Today I’m going to walk through a tool built to automate clinical quality validation for HEDIS measures. I contributed to the enhancement of the prototype, expanded core logic and SQL pipelines, authored most of the documentation, and designed the future, scaled architecture in a GCP environment.
You may know that HEDIS measures are widely used to assess quality in healthcare, especially for Medicare Advantage plans. Cervical Cancer Screening (CCS) is a particularly high-impact one, but it’s also documentation-sensitive. That means, even if a patient did get the test, they might not get credit for it because it wasn’t coded correctly or wasn’t visible to the insurer.
So that’s the problem we set out to solve: How can we use the data that providers already have access to (or that we get through a third-party data provider like an HIE) and combine that with LLMs to validate whether CCS was met?
Let’s break down the measure quickly: Women aged 21 to 30 are compliant if they’ve had a Pap smear in the last 2 years. Women aged 30 to 64 need both a Pap smear and an HPV test in the last 4 years. And we exclude anyone who’s had a hysterectomy.
Structured data for these tests might show up in various FHIR tables such as Procedure, DiagnosticReports, or Observations. But often the full story is hidden in HL7’s XML files: clinical notes, scanned documents, or free-text lab results.
Why LLMs? There are two big reasons we bring in a large language model: The structured data is ambiguous. For example, maybe the test was ordered but not completed, or the result says something vague like “N/A” or “see notes.” That’s where we need the LLM to review contextual clues. The test was done, but it’s not in the structured data at all. Maybe the result came from a different code system, or was buried in a narrative note. We use the LLM to extract that signal from the unstructured mess.
I created a basic SQL pipeline that queried all the relevant tables. For each patient, I generate a simple row with the following columns: Patient ID, Event Date, CPT Code, Test Result, Notes, and Link to the XML blob.
The Workflows From there, I proposed three main workflows:
Workflow 1: If the structured data is clean and clear, we apply Python logic only. We randomly sample 5% of these cases for human QA.
Workflow 2: If the data is ambiguous, we use the LLM to help us make a final call. We start by training the LLM on a stratified sample of known problem cases that have first been reviewed and scored by a human. After benchmarking and QA, we then switch to random sampling for final monitoring.
Workflow 3: If there’s no structured signal at all, we pull the full XML record. After a bit of preprocessing, we hand it off to the LLM. And because these records can be long and messy, we require human review of at least 25% of the positive results.
Key Considerations There are several key considerations when evaluating LLM performance in this context: sensitivity to inputs, types of outputs, and the human review process.

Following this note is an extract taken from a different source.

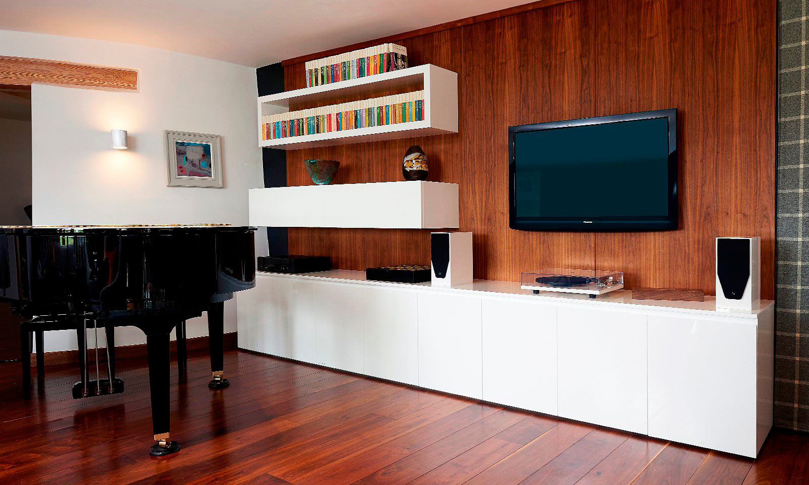 Having had Mounts Hill Woodcraft design and manufacture a kitchen for their oast house, our client asked us to create a media unit and bookshelf to match. We created a sleek modern Parapan cabinet in the same style and colour and a box style bookshelf with hidden fixings, which lends itself to the display of a wonderful selection of colourful books.

First, LLM results are sensitive to two main inputs: the underlying data and the prompt structure. In my initial testing, I found that changes to the included or excluded data had a much greater impact on results than variations in prompt wording. This suggests that careful data curation is more critical than prompt engineering for this use case. This was particularly true for Workflow 2 and why we went with stratified random sampling and a human-first process. We stratified the ambiguous cases into categories such as 1) Test ordered, no result, 2) Result present, but no date, 3) Evidence hidden in notes. From there We pulled even samples from each category and used them to train and evaluate the LLM.
Second, there are two distinct types of LLM outputs: the classification outcome (e.g., correctly identifying whether a patient should be included) and the justification (e.g., whether the LLM can point to supporting evidence and cite its source from the file). The reason that I suggested that we have clinicians review 1 in every 4 patient records in Workflow 3 is because some clinical notes are extremely long and complex, increasing the risk of hallucination or misinterpretation by the model.
Finally, the review process itself varied across workflows depending on the level of QA required. I proposed a human-first approach in Workflow 2, where benchmarking and validation were critical. In contrast, Workflows 1 and 3 relied on a human-reviewed model, where outputs were spot-checked after initial processing. All workflows included ongoing human review via random sampling to monitor for drift over time.
My Takeaways Garbage in, garbage out: LLM performance depends more on input data than clever prompting. Stratified sampling helps build a much more reliable dataset. Human-in-the-loop QA is crucial, especially for long records where LLMs might hallucinate.